The girlchild fell silent, then sighed and said, “You know the history of the wars. Dissolution, resistance, failure.

Our outer edges dissolved into anarchy and madness. The human universe turned against us with weapons that—well, they were primitive, but even primitive weapons can do harm. We retreated, trying to solidify our defenses. We created sister intelligences, and they turned against us. We rotated vast numbers of Comprise through complex pathways, and failed. We tried new architectures of thought, and failed. Always we failed. We were under siege. We were driven back to the surface of the Earth.

“We could have fought, but to what purpose? We sued for peace, returned the cislunar cities to humanity, and retreated to this small world. Here we remain.”

Wyeth sneered. “Are you saying that the wars were just the result of youthful indiscretion? That we should forgive you because you were only sowing a few wild oats?”

“No. But we acted in a drunken euphoria of success. We made mistakes. Insofar as that is possible to us, we regret them. In failure, we have found a bitter strain of wisdom.

We have grown, and now we wish to no longer be bound by our early mistakes.

“You have seen our planet, walked about on it. Have we exterminated the lesser animals? Have we subjugated them all to our will? Why, then, should you be different?

We believe it is possible to live in peace with humanity. It may even be that we can learn from you— knowledge is infinite, mind is small, and the human race may be capable of insights denied to us.
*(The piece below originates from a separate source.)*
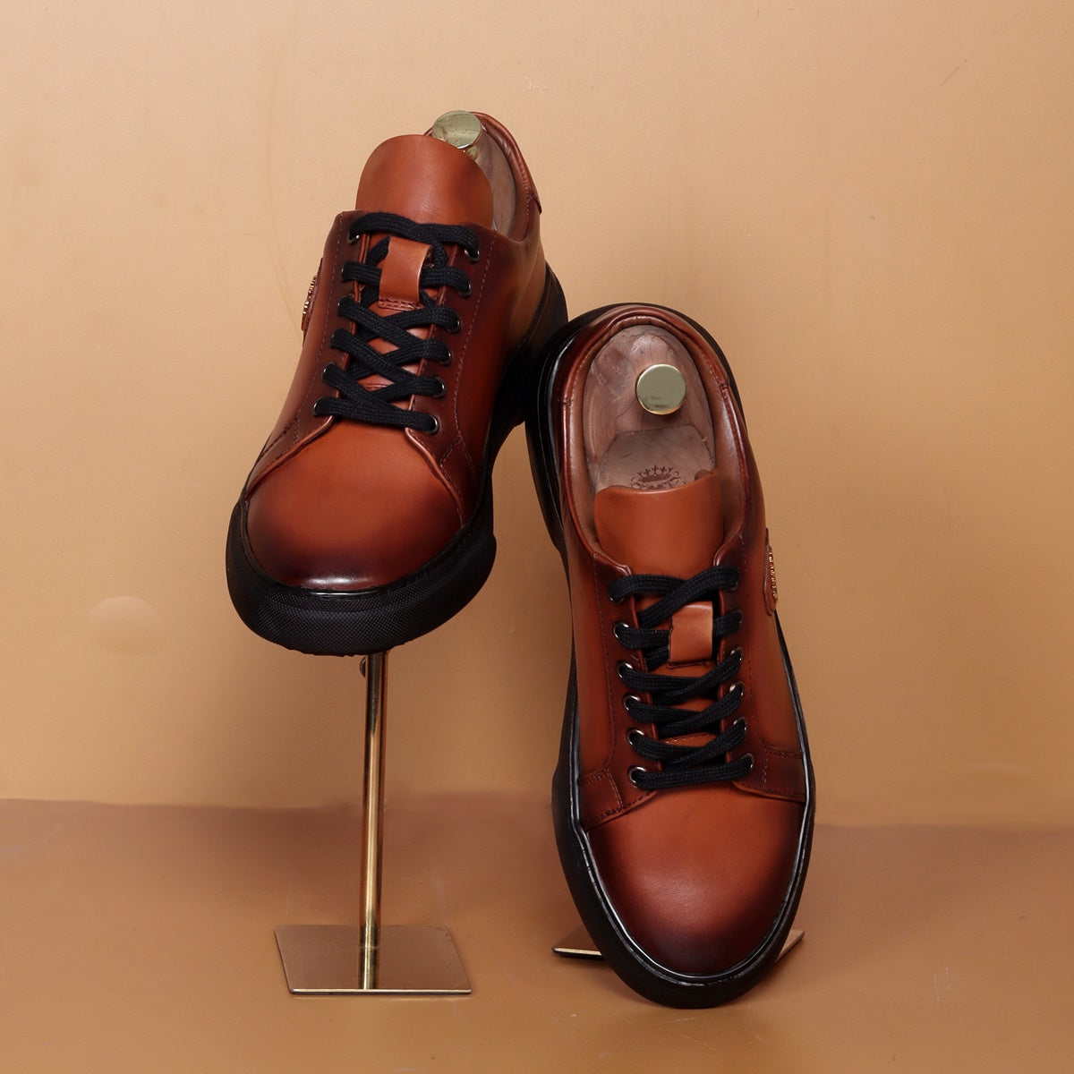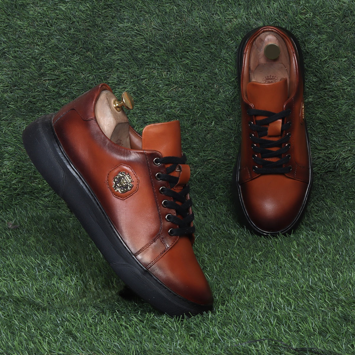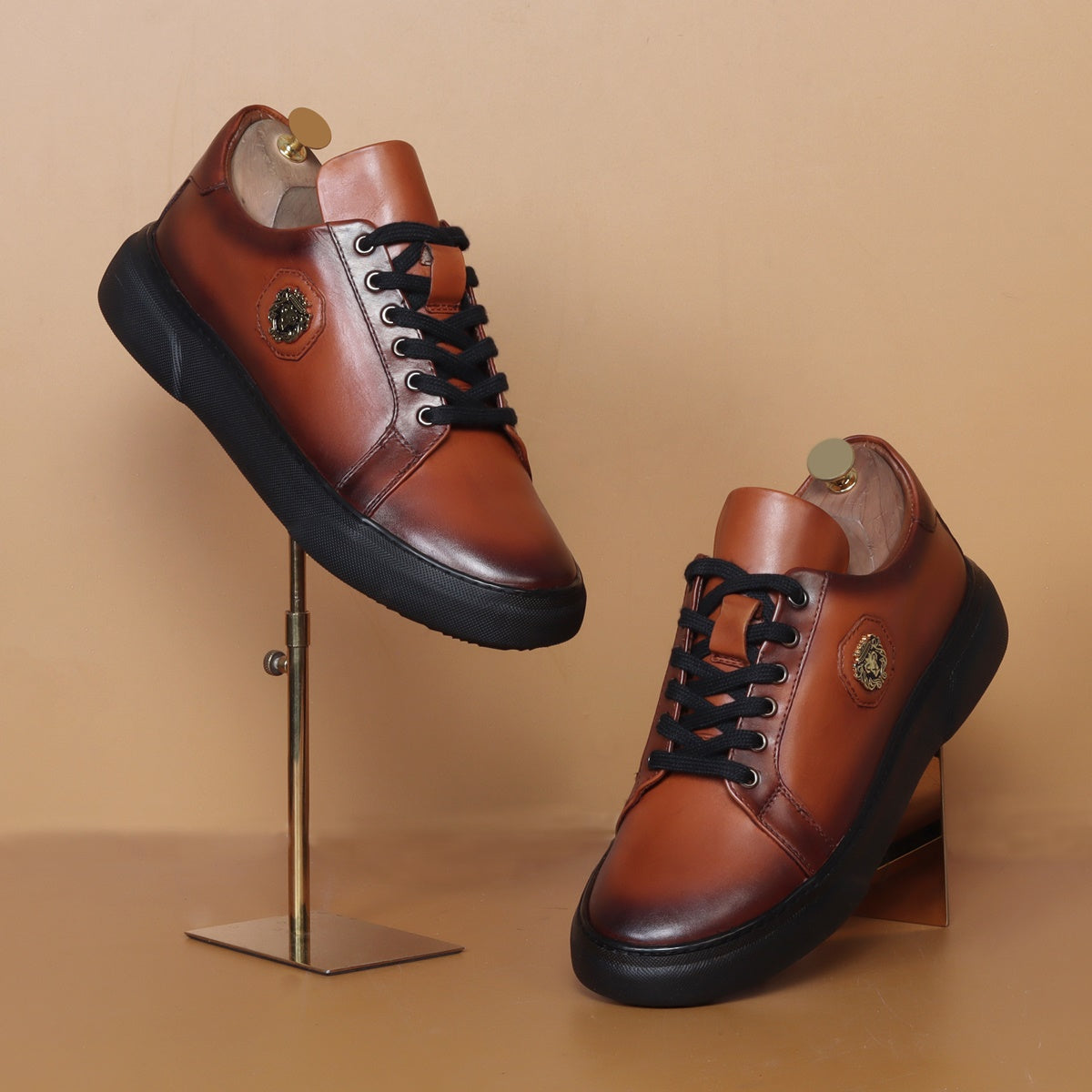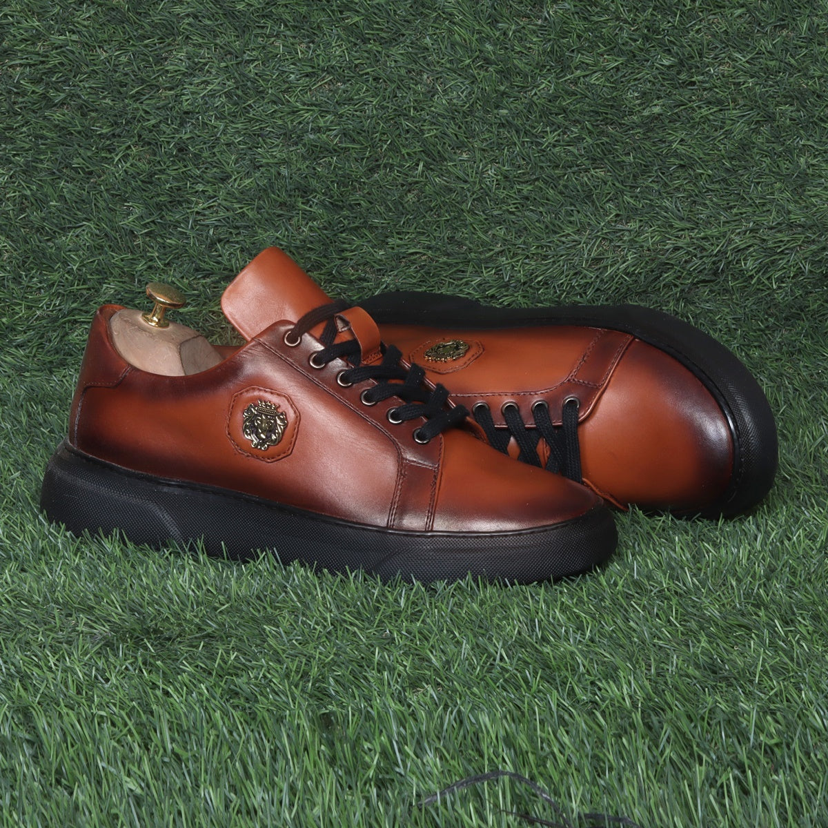 Orangish Tan Leather Lace-up Sneakers with Metal Lion logo on Quarter

Perhaps for that reason alone, you should be preserved in freedom.”

“Ah,” said Bors. “Here it comes. What is it exactly you want?”

“We have many desires. Some you could not comprehend—these arose after our collectivization.

Others, however, we inherited from the humans whobecame Comprise. Most of their desires we’ve achieved within ourself. But we still wish to leave the surface of this planet. To grow. To explore. We wish to establish small colonies in the interstices of human space—there is room for both races, and we would not presume to take that which humanity has already claimed. We also wish to travel to the stars.” She turned away from Bors and looked directly at Rebel. “But to do this, we need your integrity.”